Another of the many instances when the Art and Grip departments helped us improve the sound for a scene was in the lecture hall film projection sequences. The scene would have a large and loud commercial grade projector running in a college lecture hall’s booth while one of the professor characters in the film spoke on the featured sequences. During our scouts, I noticed that the booth was not soundproofed, making it difficult to get clean dialog while the projector ran. To isolate the noisy projector inside the booth, we lined its interior wall with mass loaded vinyl (MLV). “We” in this case means Randy and Eva, along with some help from our Art Department and grips. MLV is a VERY difficult product to work with. It’s very heavy and unwieldy. I located a local source for the MLV product and Randy hit the hardware store to get the hardware and tools together. Randy and Eva cut custom-shaped pieces from large rolls and then drilled the heavyweight soundproofing into the walls. It was a grueling job that they managed to get done on our last day of prep so that we could shoot the scene the next day. Their work made a huge difference in terms of the quality of our recording and allowed our director to shoot the scene in the way he preferred.

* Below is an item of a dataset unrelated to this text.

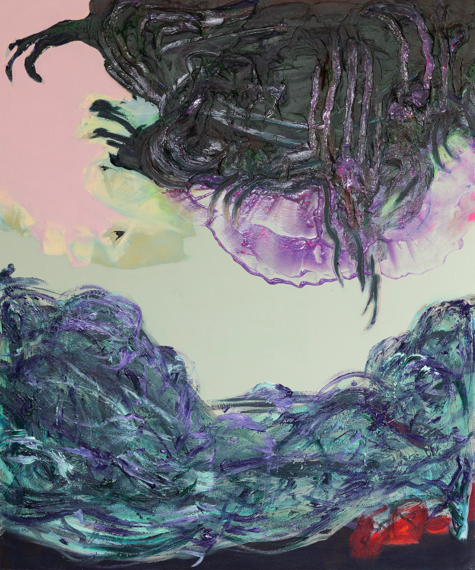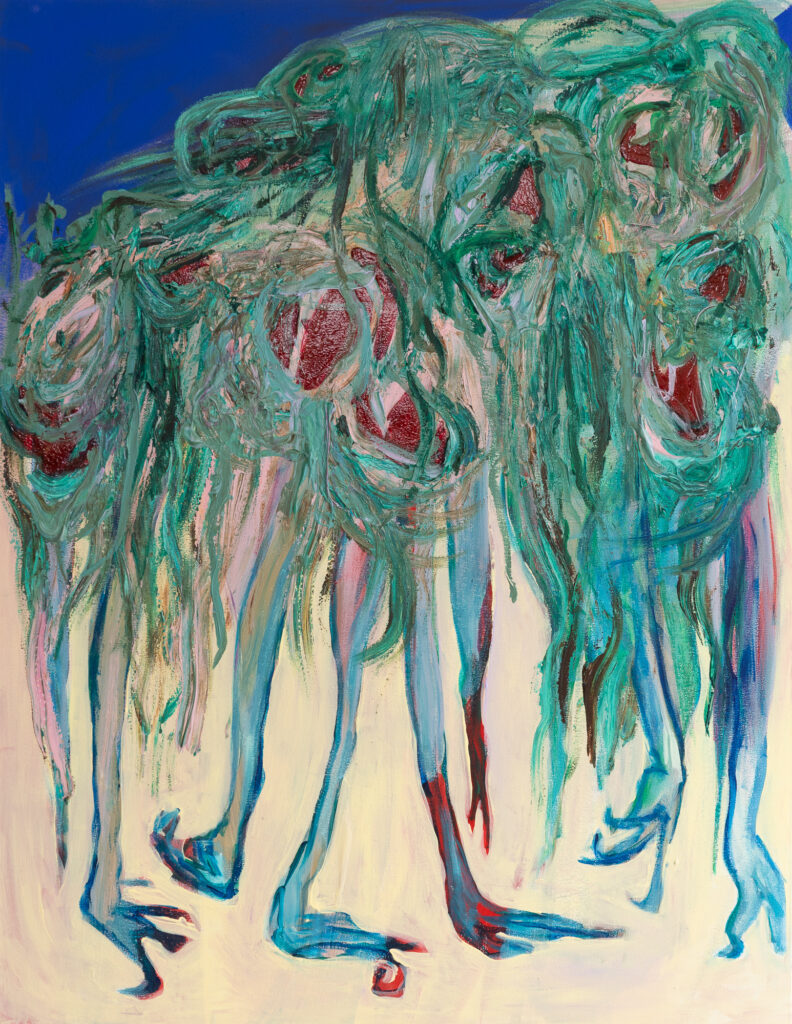 Kallio’s paintings exist in a state of unrest, like the air before a storm. Tipping Point moves along the edge where weather and emotion meet, exploring the moment when everything shifts—too early, too intensely. Human bodies in her works are pierced by forces of nature and raw feeling: the rain lashes, the emotion floods. Kallio’s expressive brushwork captures a disrupted rhythm where nothing feels quite right—not the weather, not the emotion, not the body.
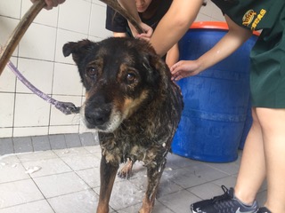 當然,還有很多學長姐會分享,關於他的那些冒險故事。最著名的,應該就是太狼會自己一隻狗,走到士林夜市去給自己的晚餐加菜的事蹟。他在士林夜市一代還擁有像是大胖、大棕 這樣的威武的綽號。後來的我,也幸運地當上了社團的幹部,為社團服務了一陣子。那時候,剛接任幹部的第一件關於狗狗照護的事情,就是要替太狼爺爺安排定期的洗澡與健康檢查。

It doesn’t take long for anyone who works in production sound to come to an understanding about how important a good relationship with the Costume Department is. The quality of our work depends on it. On White Noise, we had the honor of working with legendary Costumer Designer Ann Roth. Julian-Andres Arango, Lucy Cobbs and the rest of the on-set costume team were a joy to be on set with and worked tirelessly with us to get body mics into the best positions possible.
We worked long hours with considerable drive times back-and-forth to many of our locations. The show was plagued by COVID flare-ups in the crew, complications with locations, etc., which kept us working in Ohio into November. Wiring the large cast counts, along with a frequent need for two working booms on set, gave us good reason to add another crew member to our sound team. Kelly Doran joined us as a fourth a few weeks into our schedule and was a huge help at both utility and additional boom. Jason Fyrberg came on soon after to handle Second Unit sound mixing duties. When we went well past our original wrap date, we lost Randy Johnson to prior commitments. Dave Roberts did us the favor of booming us through those last days on the freeway traffic jam and in the woods where his experience clearing the Appalachian Trail came in handy. After we wrapped principal photography in Ohio, Jason and Kelly went on to handle 2nd Unit sound duties with the stunt unit in Georgia.
While you’re watching White Noise, make sure to keep an eye out for a cameo by our very own Randy Johnson.